▸ TASK INSTRUCTIONS:
Produce word for word the lines of the data below running from the one that has "Два слётка. Они" to the one that has "Another nice thing", inclusive, and no others.
[[ RECORDS TO USE open ]]
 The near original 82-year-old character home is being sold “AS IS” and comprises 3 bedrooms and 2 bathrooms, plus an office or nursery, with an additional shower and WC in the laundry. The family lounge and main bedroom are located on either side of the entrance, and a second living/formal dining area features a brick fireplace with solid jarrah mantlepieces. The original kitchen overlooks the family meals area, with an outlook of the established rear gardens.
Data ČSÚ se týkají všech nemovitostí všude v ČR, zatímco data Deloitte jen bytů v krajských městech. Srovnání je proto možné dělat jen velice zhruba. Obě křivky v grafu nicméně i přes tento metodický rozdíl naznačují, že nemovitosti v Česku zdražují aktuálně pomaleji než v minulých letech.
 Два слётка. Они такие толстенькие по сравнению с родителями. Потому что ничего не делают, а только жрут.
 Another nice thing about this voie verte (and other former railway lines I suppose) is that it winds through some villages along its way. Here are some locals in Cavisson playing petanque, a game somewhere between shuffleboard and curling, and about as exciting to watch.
[[ RECORDS TO USE closed ]]
[[ RECORDS TO USE open ]]
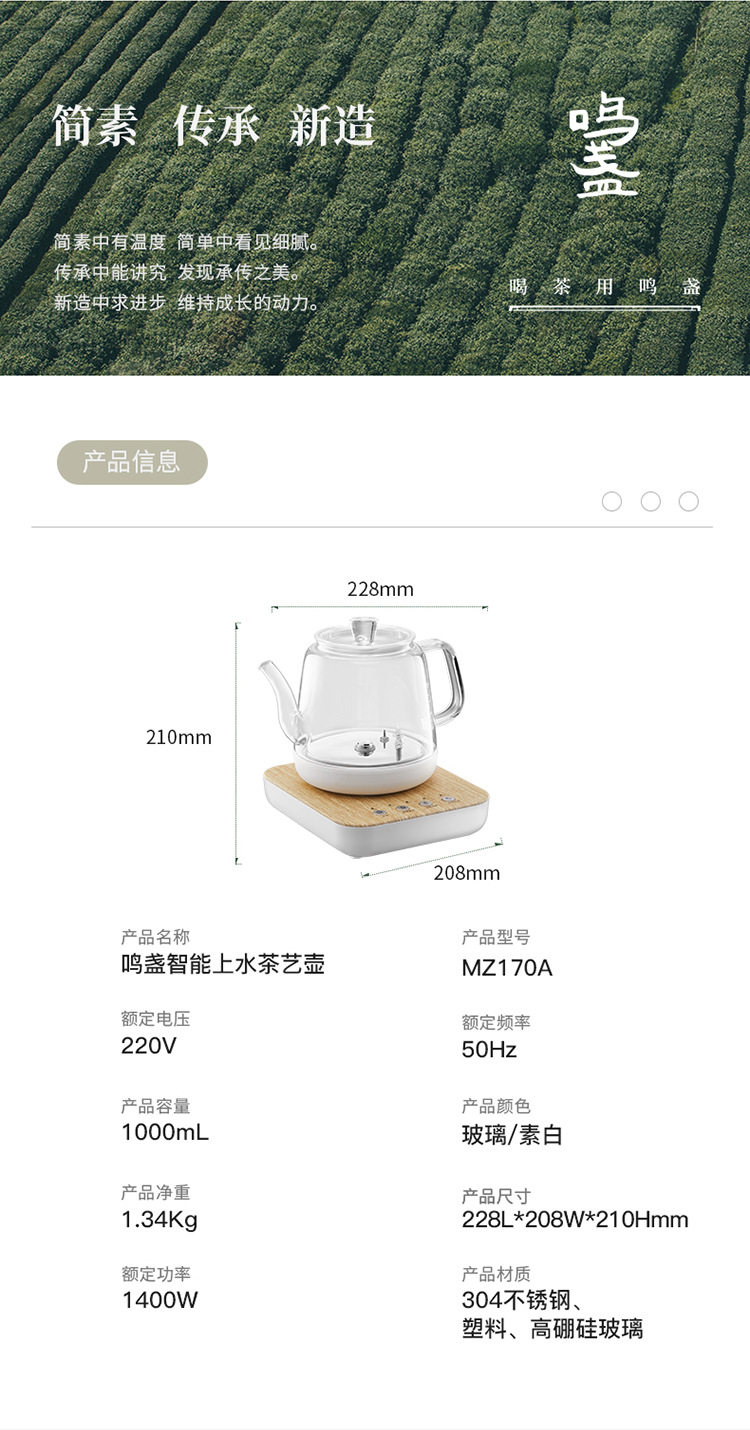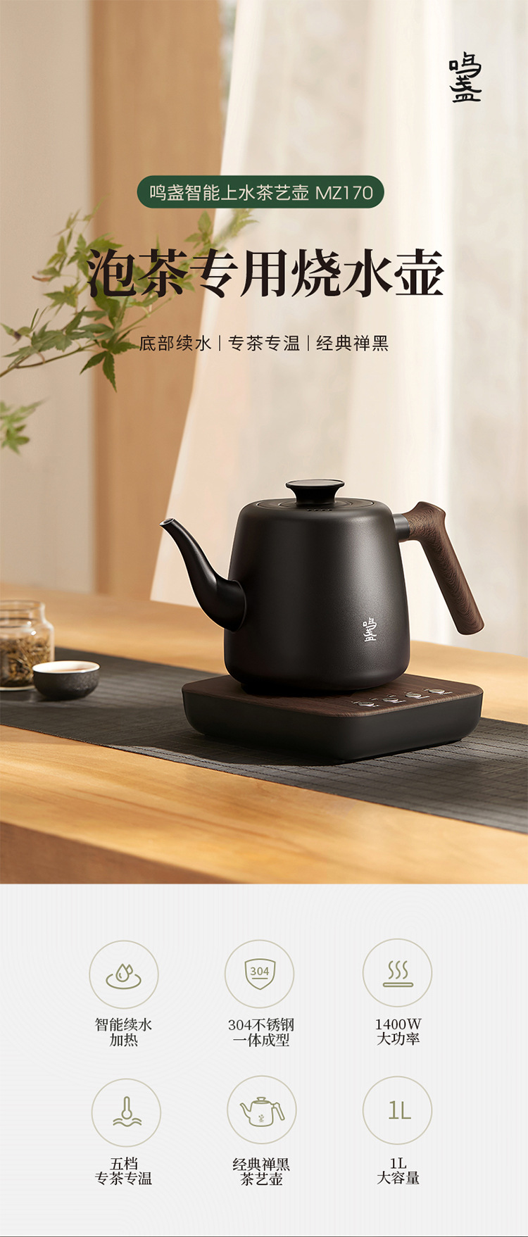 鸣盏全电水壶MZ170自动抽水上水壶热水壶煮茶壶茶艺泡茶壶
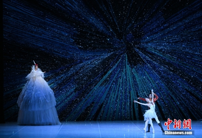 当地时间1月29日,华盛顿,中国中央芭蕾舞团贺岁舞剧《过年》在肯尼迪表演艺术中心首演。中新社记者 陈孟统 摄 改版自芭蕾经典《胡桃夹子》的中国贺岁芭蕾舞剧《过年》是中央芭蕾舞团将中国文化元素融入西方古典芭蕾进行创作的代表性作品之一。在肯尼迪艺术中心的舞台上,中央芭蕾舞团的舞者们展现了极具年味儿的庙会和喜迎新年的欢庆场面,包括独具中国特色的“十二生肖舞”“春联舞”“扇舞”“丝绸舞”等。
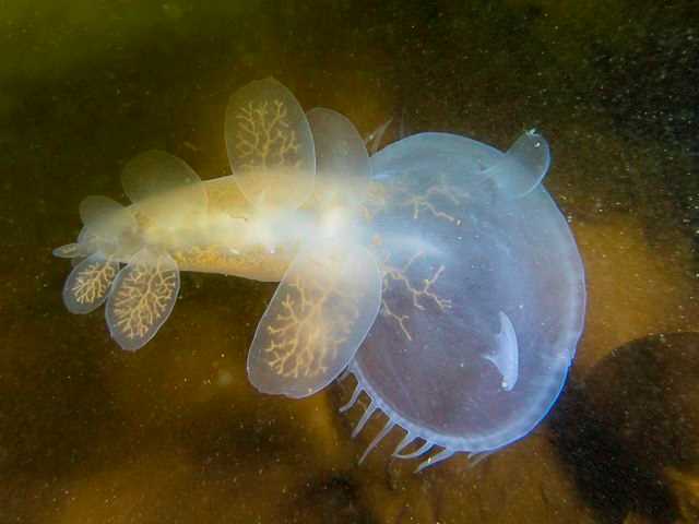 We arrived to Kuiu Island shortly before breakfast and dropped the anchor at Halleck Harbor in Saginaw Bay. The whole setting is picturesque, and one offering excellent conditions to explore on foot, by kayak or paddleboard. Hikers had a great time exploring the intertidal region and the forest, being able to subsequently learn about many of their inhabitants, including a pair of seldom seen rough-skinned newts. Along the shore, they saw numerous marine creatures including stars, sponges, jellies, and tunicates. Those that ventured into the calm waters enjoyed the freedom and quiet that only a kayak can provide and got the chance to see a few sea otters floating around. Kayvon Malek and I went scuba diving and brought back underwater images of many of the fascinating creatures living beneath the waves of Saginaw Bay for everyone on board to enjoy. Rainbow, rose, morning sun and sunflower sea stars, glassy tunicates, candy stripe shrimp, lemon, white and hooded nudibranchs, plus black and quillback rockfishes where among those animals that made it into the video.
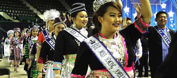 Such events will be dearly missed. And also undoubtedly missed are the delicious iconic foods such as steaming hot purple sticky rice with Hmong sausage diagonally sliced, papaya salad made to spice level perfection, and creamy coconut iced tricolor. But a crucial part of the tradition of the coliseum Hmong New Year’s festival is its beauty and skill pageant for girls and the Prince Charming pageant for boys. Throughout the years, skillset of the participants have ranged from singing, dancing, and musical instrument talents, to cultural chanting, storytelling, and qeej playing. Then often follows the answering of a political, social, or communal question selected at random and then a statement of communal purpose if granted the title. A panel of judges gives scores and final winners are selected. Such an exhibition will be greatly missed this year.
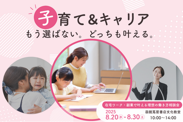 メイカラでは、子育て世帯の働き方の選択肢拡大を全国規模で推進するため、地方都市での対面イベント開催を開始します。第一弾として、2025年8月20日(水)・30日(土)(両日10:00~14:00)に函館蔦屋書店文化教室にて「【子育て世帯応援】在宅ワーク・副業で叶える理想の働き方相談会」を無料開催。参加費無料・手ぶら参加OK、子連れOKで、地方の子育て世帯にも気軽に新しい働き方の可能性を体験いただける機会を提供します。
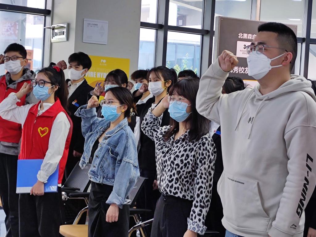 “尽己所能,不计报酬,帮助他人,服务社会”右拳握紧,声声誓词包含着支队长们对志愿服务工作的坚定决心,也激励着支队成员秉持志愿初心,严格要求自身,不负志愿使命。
[[ RECORDS TO USE closed ]]
[[ RECORDS TO USE open ]]
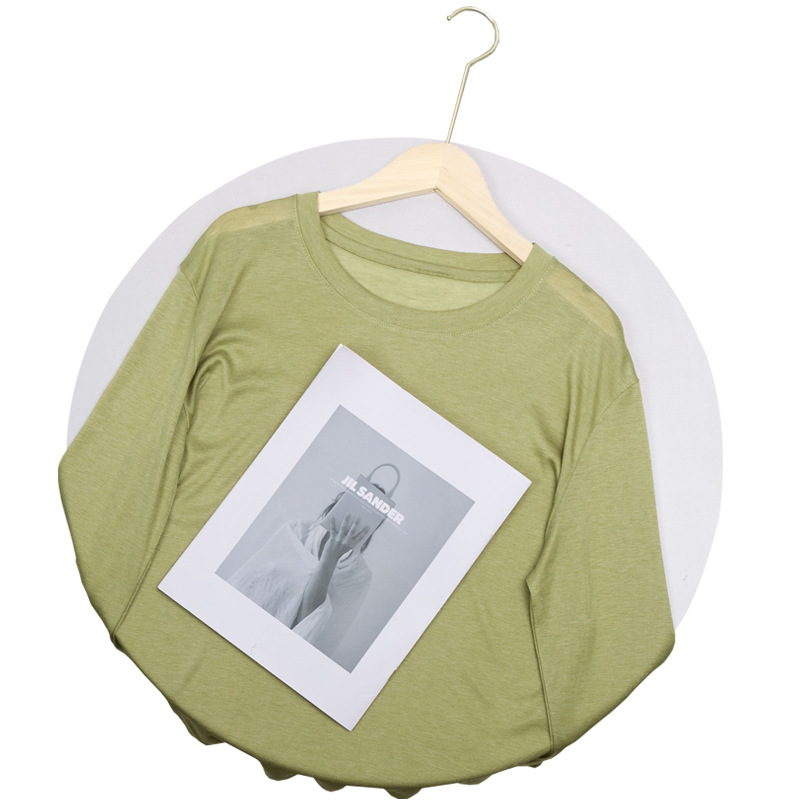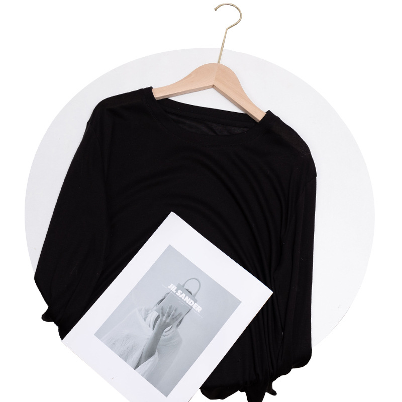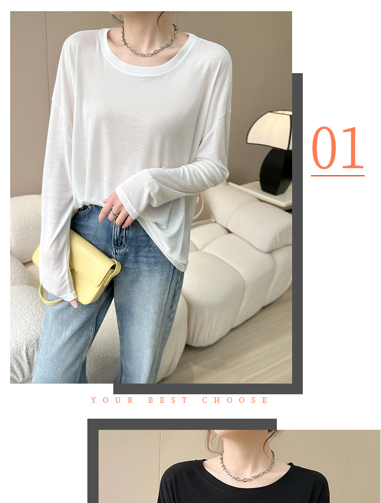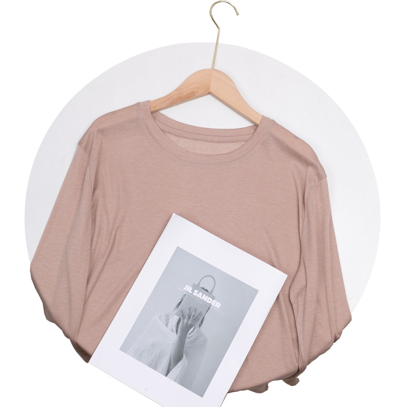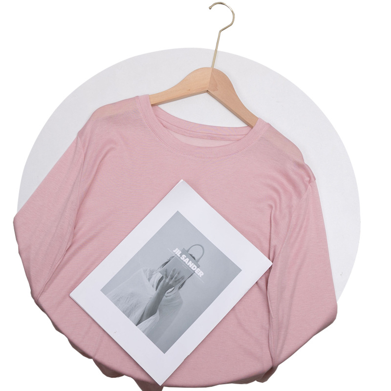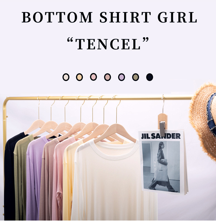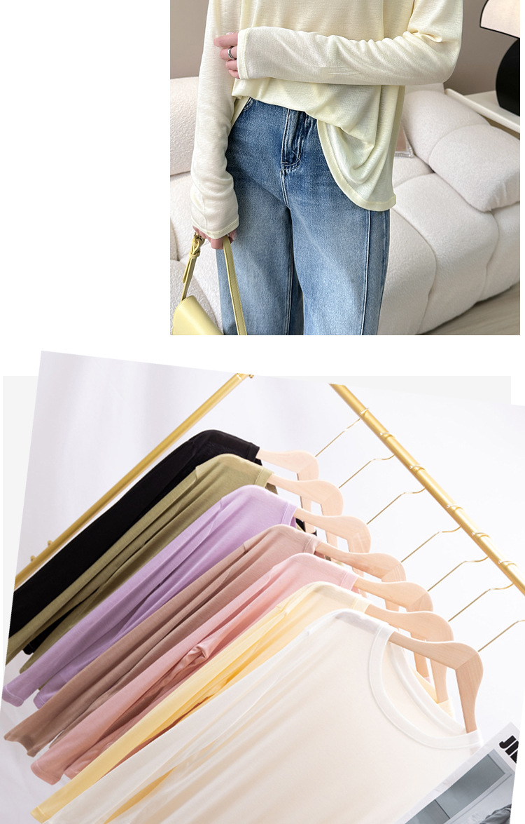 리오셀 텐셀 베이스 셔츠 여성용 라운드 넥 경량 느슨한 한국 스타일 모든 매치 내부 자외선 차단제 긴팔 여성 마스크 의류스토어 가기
[[ RECORDS TO USE closed ]]
▸ TASK OUTPUT:
 Два слётка. Они такие толстенькие по сравнению с родителями. Потому что ничего не делают, а только жрут.
 Another nice thing about this voie verte (and other former railway lines I suppose) is that it winds through some villages along its way. Here are some locals in Cavisson playing petanque, a game somewhere between shuffleboard and curling, and about as exciting to watch.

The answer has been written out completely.